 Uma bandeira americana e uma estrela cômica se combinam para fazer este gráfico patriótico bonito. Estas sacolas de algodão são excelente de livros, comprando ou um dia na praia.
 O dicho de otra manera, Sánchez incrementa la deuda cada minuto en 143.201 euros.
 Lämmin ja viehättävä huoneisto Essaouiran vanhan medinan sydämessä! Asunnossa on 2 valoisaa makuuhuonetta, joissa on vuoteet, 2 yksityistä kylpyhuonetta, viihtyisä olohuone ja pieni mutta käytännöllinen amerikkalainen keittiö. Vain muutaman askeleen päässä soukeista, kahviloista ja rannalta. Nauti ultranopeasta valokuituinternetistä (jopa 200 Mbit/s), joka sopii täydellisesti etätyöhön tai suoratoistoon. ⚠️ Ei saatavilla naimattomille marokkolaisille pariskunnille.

---

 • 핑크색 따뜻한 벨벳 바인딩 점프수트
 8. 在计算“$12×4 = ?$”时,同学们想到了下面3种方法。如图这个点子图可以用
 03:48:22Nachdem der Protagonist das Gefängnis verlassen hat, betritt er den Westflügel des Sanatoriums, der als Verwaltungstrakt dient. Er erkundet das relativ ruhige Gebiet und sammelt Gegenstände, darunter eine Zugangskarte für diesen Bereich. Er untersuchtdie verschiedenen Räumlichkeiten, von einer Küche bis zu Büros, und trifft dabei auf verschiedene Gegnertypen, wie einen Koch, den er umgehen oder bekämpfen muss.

...

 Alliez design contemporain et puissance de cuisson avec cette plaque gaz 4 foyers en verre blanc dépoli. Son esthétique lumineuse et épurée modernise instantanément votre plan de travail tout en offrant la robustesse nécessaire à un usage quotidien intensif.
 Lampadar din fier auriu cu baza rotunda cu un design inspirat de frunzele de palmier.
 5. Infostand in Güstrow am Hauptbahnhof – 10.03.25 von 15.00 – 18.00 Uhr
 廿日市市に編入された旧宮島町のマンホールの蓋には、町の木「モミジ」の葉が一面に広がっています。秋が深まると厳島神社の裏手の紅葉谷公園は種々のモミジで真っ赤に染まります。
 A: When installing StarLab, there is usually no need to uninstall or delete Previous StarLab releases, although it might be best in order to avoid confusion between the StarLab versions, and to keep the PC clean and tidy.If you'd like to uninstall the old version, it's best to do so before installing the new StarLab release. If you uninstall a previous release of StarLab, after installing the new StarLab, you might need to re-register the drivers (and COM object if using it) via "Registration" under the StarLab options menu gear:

§ WHAT TO DO: Above are the entries. Copy exactly the part that opens with the line containing "Alliez design contemporain" and closes with the line containing "廿日市市に編入された旧宮島町", and no more.

§ ANSWER SPACE:
 Alliez design contemporain et puissance de cuisson avec cette plaque gaz 4 foyers en verre blanc dépoli. Son esthétique lumineuse et épurée modernise instantanément votre plan de travail tout en offrant la robustesse nécessaire à un usage quotidien intensif.
 Lampadar din fier auriu cu baza rotunda cu un design inspirat de frunzele de palmier.
 5. Infostand in Güstrow am Hauptbahnhof – 10.03.25 von 15.00 – 18.00 Uhr
 廿日市市に編入された旧宮島町のマンホールの蓋には、町の木「モミジ」の葉が一面に広がっています。秋が深まると厳島神社の裏手の紅葉谷公園は種々のモミジで真っ赤に染まります。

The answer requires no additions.